When you are the most well known anything in the world, you are bound to take some criticism of your own, and over the years Ebert has taken his share. There are people who believe that Siskel and Ebert ruined movie criticism forever by reducing it all to “Thumbs Up” and “Thumbs Down”, yet I have always found that argument ridiculous. Yes, because they covered anywhere between 4 and 6 films in a half hour show, in depth debates were not always possible. Yet in their short debates, they hit on many different facets of a film. I always found Ebert’s reviews on TV to be a good synopsis of his written reviews. It is through reading his reviews, and watching his show, that I learned a very valuable lesson about film criticism: It is not what rating a critic gives to a movie that is important, but why he gives it that rating. Ebert, whether he gives one of my favorite films Blue Velvet 1 star, or loves a film like The English Patient which I despise, has always met the criteria of being interesting to read.

Furthermore, his show exposed a number of different films to the masses that otherwise would have passed them by. I have already mentioned Hoop Dreams, but there are countless others. Let’s face facts and be honest here – most people in the world do not now, nor have they ever, really read much film criticism. Siskel and Ebert didn’t kill it; they simply brought it to more people. Yes, I do believe that criticism has taken a nosedive in recent years, with many critics simply dialing up the volume on the level of praise or vitriol they direct towards a film. And reviews have been shorter, and perhaps more populist. And many critics seem to use their reviews to practice their standup comedy routines, and not actually deal with the film in question in an honest way. But Ebert never did any of these things. While his taste has evolved over the years, the one thing that hasn’t changed is that Ebert gives every film he sees a fair shake. Whether it’s the new Scorsese film or something with Pauly Shore, Ebert gives the movie a chance to win him over.

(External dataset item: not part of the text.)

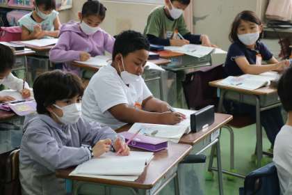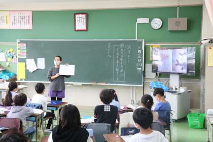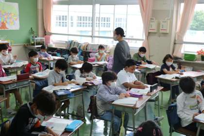 2年生の国語の授業です。スイミーが大きな魚を追い出した場面を読み深めていました。最後に、大きな魚を追い出したスイミーに手紙を書いていました。子供たちは、物語を読み進めるにつれて、スイミーへの思いが大きくなっているようです。
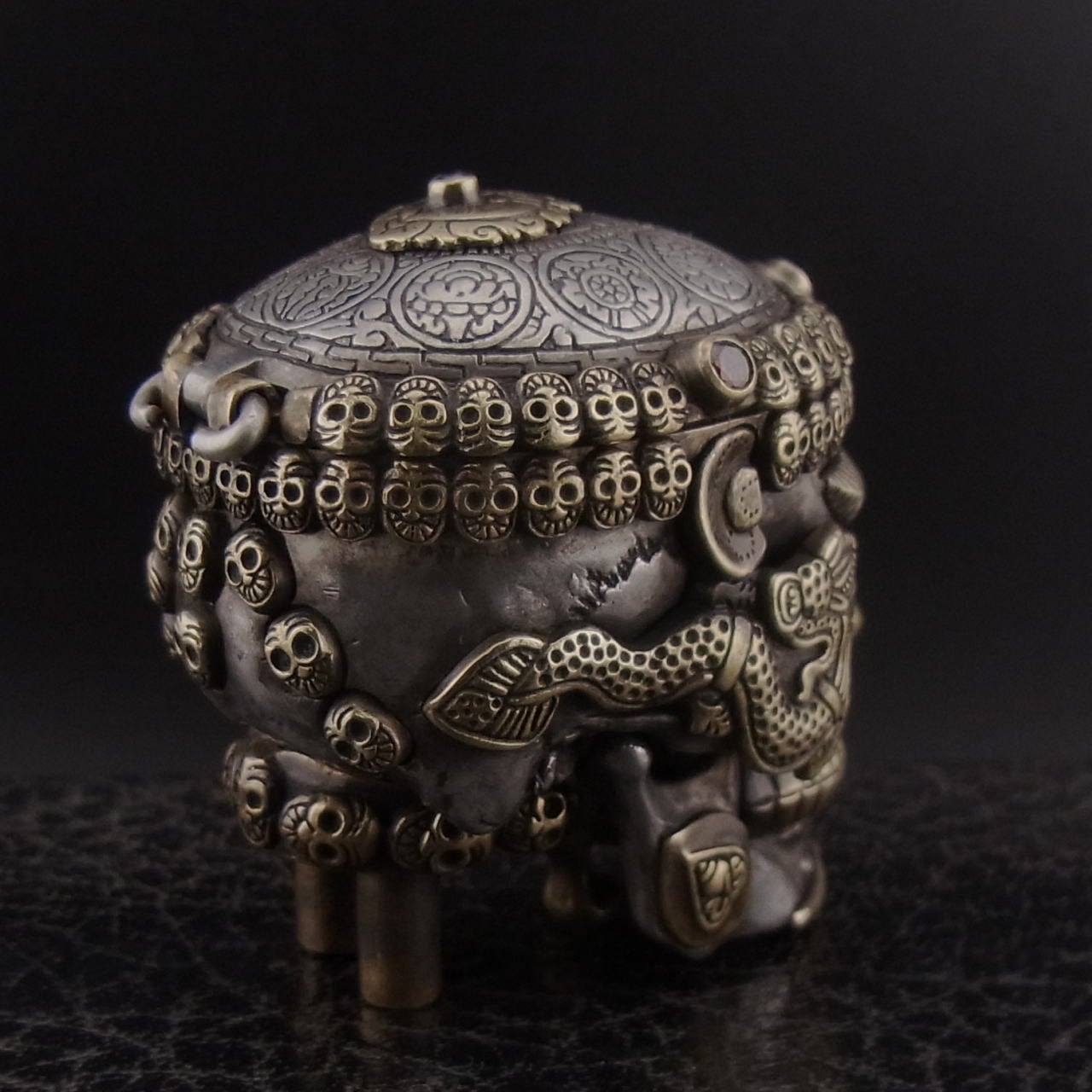 頭頂部は開閉式になっており、本物のチベタンスカルではこの頭頂部を儀式で盃(カパラ)として使用するそうです。

In short, I owe a lot to Roger Ebert when it comes to my movie education. Would I have discovered Martin Scorsese and Hitchcock without Ebert? Probably. But what about Kurosawa, Bergman, Fellini, Renoir, Ozu, Mizoguchi, DeSica, Rosselini, Bresson or any number of other foreign directors? I don’t know. His great movie series has been a godsend, covering not just the confirmed classics, but also some stranger choices that have ended up being richly rewarding for me.

Over the years, my enthusiasm for Ebert has waned at times. After Siskel’s death, Ebert could have picked any number of great movie critics to co-host the show, and act as his intellectual equal. He chose wrong when he picked Richard Roeper, who was not a real movie critic at the time, and only gradually, and minimally improved, over time. Gone were the classic sparing matches between Siskel and Ebert. Watching Ebert debate Roeper was like watching Mike Tyson box a puppy. Sure, the puppy is cute, but you never doubt who is going to win. Ebert has also gone rather soft in recent years. He gives out 4 star reviews like candy, often to movies that only middling at best, and he seems to like nearly every movie that comes along.

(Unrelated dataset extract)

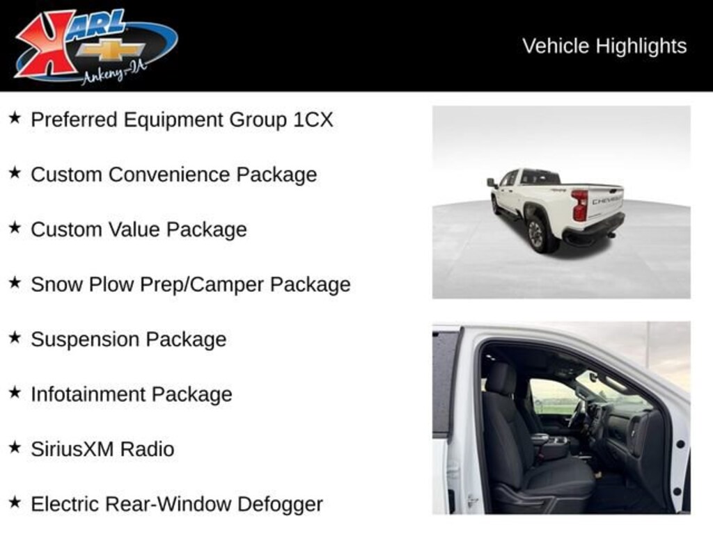 Certification Program Details: Karl Chevrolet of Ankeny, The Nation's #1 CarBravo Certified Dealer! Every CarBravo Certified vehicle includes: Comprehensive 126-Point Inspection Professionally inspected by factory-trained technicians to meet strict mechanical, safety, and cosmetic standards. 12-Month / 12,000-Mile Bumper-to-Bumper Limited Warranty Enjoy added peace of mind with extensive coverage from the day you drive off the lot. 24/7 Roadside Assistance & Courtesy Transportation Flat tire? Dead battery? Need a tow? You're covered anywhere, anytime throughout the warranty period. Vehicle History & Title Guarantee Clean title, completed safety recalls, and a full CARFAX® or AutoCheck® report provided for complete transparency. 10-Day / 500-Mile Exchange Promise If you don't absolutely love it, bring it back and exchange it no hassle, no stress. Experience peace of mind and premium protection exclusively from Karl Chevrolet of Ankeny, the Nation's #1 CarBravo Dealer!This 2021 Chevrolet Silverado 2500HD Custom 4WD DOUBLE CAB 149 is packed with an impressive array of features that make it a standout choice for those seeking power, capability, and convenience. Equipped with a robust 6.6L V8 engine and 4-wheel drive, this truck is ready to tackle any terrain or towing task with confidence. The CHEVYTEC SPRAY-ON BEDLINER, Auxiliary Battery, and Snow Plow Prep/Camper Package further enhance its utility, while the Custom Convenience Package, Infotainment Package, and Suspension Package provide premium comfort and technology.- CHEVYTEC SPRAY-ON BEDLINER- Auxiliary Battery- Snow Plow Prep/Camper Package- Custom Convenience Package- Infotainment Package- Suspension Package- SiriusXM Radio- Bluetooth® For Phone- Remote Vehicle Starter System- Integrated Trailer Brake Controller- Wheels: 20 10-Spoke Machined AluminumThis Silverado 2500HD has been meticulously inspected and certified through our exclusive CarBravo program, ensuring that it meets the highest standards of quality and performance. With a comprehensive 126-point inspection, a 12-month/12,000-mile bumper-to-bumper warranty, and 24/7 roadside assistance, you can drive with confidence knowing that this vehicle has been thoroughly vetted and is ready to provide you with years of reliable service.Whether you're looking for a capable work truck or a versatile family hauler, this 2021 Chevrolet Silverado 2500HD Custom 4WD DOUBLE CAB 149 is an exceptional choice. Its powerful engine, advanced features, and premium protection make it a truly compelling option in the full-size truck segment.At Karl Chevrolet we want to help you find the best new or used car in Ankeny that suits your needs. When you buy a new car at Karl Chevrolet you know you're finding a vehicle you can rely on. We have a great selection of Platinum Quality Pre-Owned Vehicles. We also pride ourselves in creating a friendly atmosphere and a reliable Dealership that you can trust. Call us and our experts will be glad to help you! (515) 299-4300. *Equipment and options are generated by a 3rd party vendor, exact vehicle options may vary. Please see a salesperson for complete details and vehicle information.

Yet when Ebert was sidelined for a year while he faced his cancer battle, I missed his reviews more than I care to admit. Whether I agree with Ebert or not, it is nice to know that he is out there, doing his thing, and inspiring more kids like me to take a serious interest in film. In short, we need Roger Ebert. He has now turned 67, and even if he still cannot speak, his writing has not been impacted. I look forward to reading Roger Ebert hopefully for years to come. When he does go, it will be a sad day.